**EXERCISE INPUT**
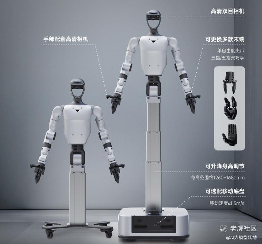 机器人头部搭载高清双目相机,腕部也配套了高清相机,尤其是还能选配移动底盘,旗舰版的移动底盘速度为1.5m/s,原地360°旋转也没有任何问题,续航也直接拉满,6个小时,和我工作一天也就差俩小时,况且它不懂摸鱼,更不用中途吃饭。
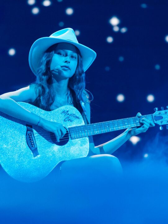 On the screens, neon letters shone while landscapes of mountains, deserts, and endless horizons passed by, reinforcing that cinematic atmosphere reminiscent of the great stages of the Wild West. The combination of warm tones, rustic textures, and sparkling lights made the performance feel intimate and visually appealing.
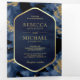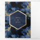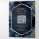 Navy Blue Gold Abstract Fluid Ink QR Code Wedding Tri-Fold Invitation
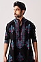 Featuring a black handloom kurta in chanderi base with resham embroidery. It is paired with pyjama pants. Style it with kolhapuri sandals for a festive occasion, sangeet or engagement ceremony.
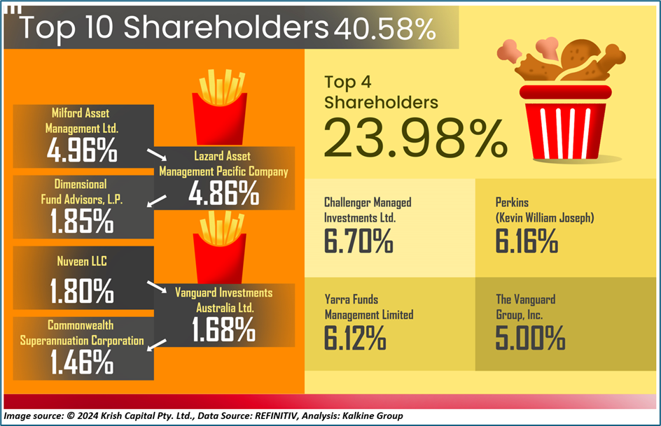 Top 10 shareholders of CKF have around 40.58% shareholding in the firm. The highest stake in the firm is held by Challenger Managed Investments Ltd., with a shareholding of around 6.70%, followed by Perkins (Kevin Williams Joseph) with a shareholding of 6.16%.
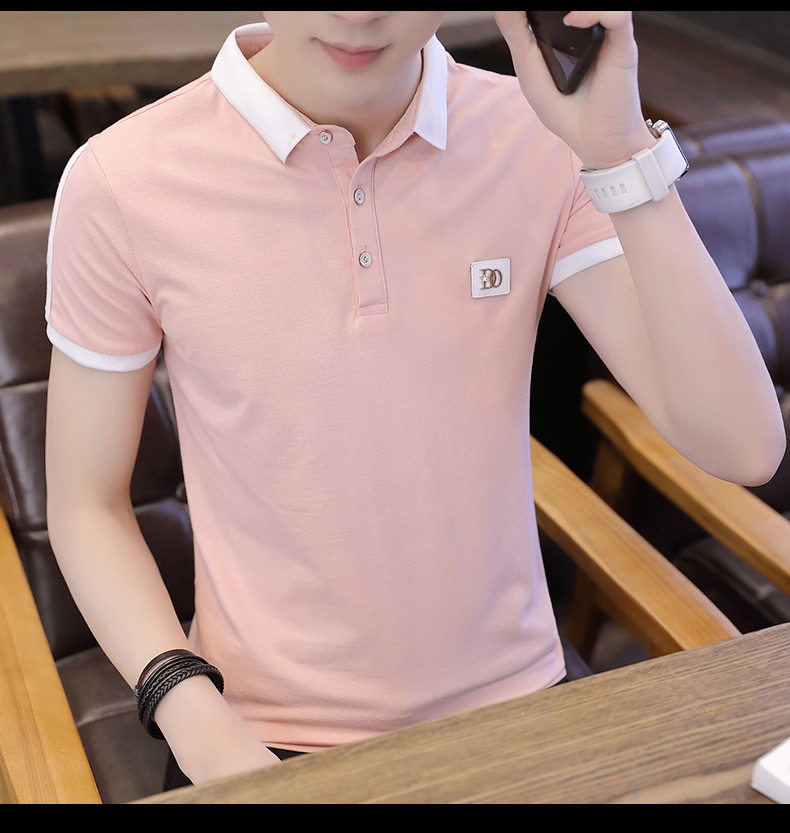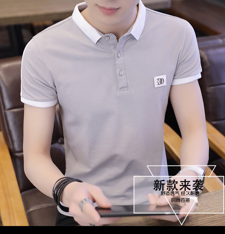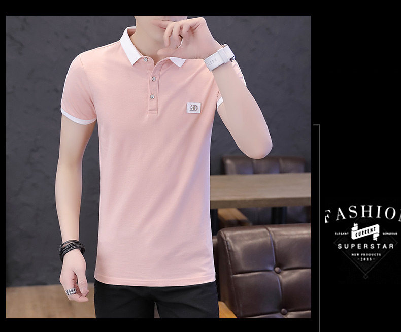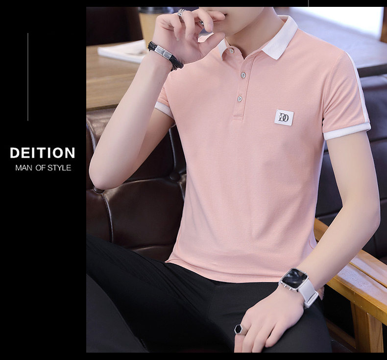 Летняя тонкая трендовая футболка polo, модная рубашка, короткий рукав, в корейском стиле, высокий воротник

**EXERCISE DETAILS**
The entries are to be transcribed word for word, without their images.

**REPLY**
 机器人头部搭载高清双目相机,腕部也配套了高清相机,尤其是还能选配移动底盘,旗舰版的移动底盘速度为1.5m/s,原地360°旋转也没有任何问题,续航也直接拉满,6个小时,和我工作一天也就差俩小时,况且它不懂摸鱼,更不用中途吃饭。
 On the screens, neon letters shone while landscapes of mountains, deserts, and endless horizons passed by, reinforcing that cinematic atmosphere reminiscent of the great stages of the Wild West. The combination of warm tones, rustic textures, and sparkling lights made the performance feel intimate and visually appealing.
 Navy Blue Gold Abstract Fluid Ink QR Code Wedding Tri-Fold Invitation
 Featuring a black handloom kurta in chanderi base with resham embroidery. It is paired with pyjama pants. Style it with kolhapuri sandals for a festive occasion, sangeet or engagement ceremony.
 Top 10 shareholders of CKF have around 40.58% shareholding in the firm. The highest stake in the firm is held by Challenger Managed Investments Ltd., with a shareholding of around 6.70%, followed by Perkins (Kevin Williams Joseph) with a shareholding of 6.16%.
 Летняя тонкая трендовая футболка polo, модная рубашка, короткий рукав, в корейском стиле, высокий воротник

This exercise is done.